Task brief. What you return should be the lines from the one with "А как ты думаешь, о" through the one with "Didcot already had" in the data below, reproduced exactly with both ends, and no pictures at all.

Information shown.

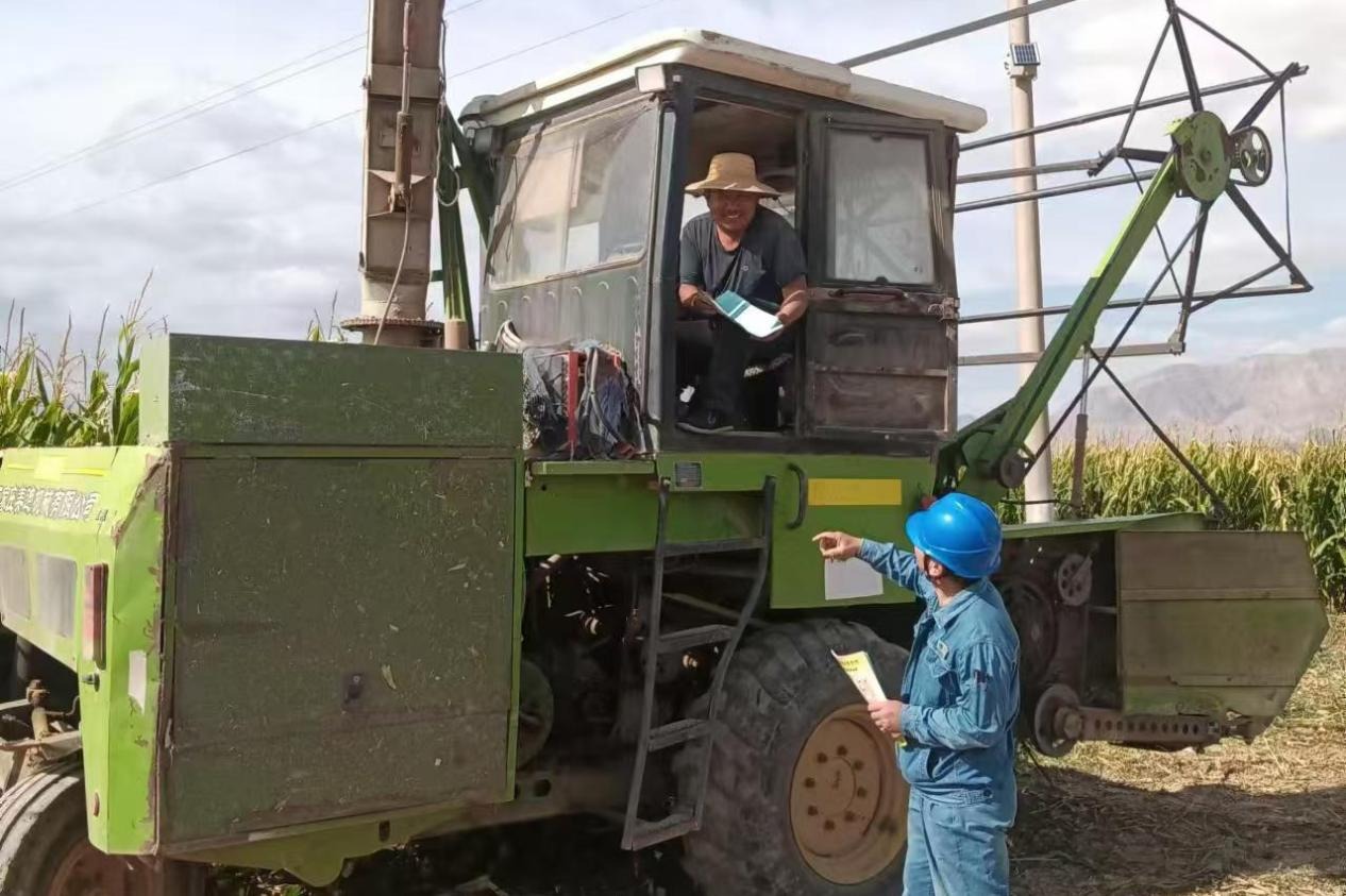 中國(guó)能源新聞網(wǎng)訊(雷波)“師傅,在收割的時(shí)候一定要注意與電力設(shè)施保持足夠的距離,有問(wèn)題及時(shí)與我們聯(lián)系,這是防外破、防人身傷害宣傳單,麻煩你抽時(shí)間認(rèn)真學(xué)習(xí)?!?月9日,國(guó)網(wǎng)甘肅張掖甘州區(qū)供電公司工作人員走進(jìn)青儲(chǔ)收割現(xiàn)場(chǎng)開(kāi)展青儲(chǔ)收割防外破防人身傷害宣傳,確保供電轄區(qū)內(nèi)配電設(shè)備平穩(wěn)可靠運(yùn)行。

--

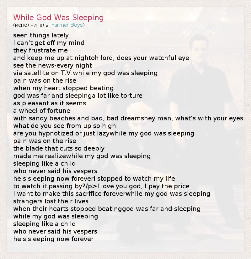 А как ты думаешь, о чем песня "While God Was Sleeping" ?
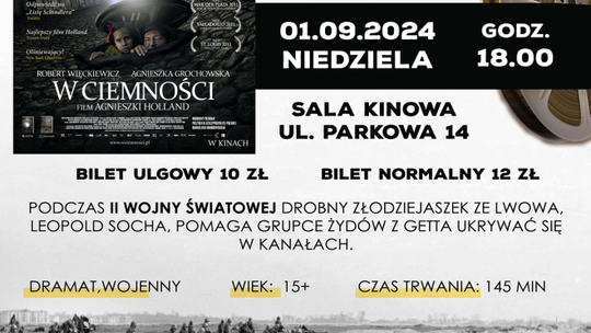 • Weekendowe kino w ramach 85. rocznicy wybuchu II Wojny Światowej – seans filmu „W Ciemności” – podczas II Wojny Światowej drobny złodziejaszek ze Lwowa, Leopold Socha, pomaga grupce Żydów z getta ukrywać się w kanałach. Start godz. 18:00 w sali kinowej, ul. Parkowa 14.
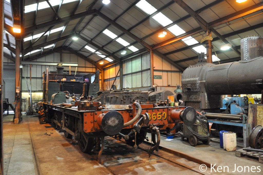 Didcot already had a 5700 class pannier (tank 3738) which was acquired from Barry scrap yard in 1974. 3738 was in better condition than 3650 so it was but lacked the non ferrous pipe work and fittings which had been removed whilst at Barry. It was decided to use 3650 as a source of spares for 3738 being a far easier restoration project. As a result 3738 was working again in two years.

Worked solution.
 А как ты думаешь, о чем песня "While God Was Sleeping" ?
 • Weekendowe kino w ramach 85. rocznicy wybuchu II Wojny Światowej – seans filmu „W Ciemności” – podczas II Wojny Światowej drobny złodziejaszek ze Lwowa, Leopold Socha, pomaga grupce Żydów z getta ukrywać się w kanałach. Start godz. 18:00 w sali kinowej, ul. Parkowa 14.
 Didcot already had a 5700 class pannier (tank 3738) which was acquired from Barry scrap yard in 1974. 3738 was in better condition than 3650 so it was but lacked the non ferrous pipe work and fittings which had been removed whilst at Barry. It was decided to use 3650 as a source of spares for 3738 being a far easier restoration project. As a result 3738 was working again in two years.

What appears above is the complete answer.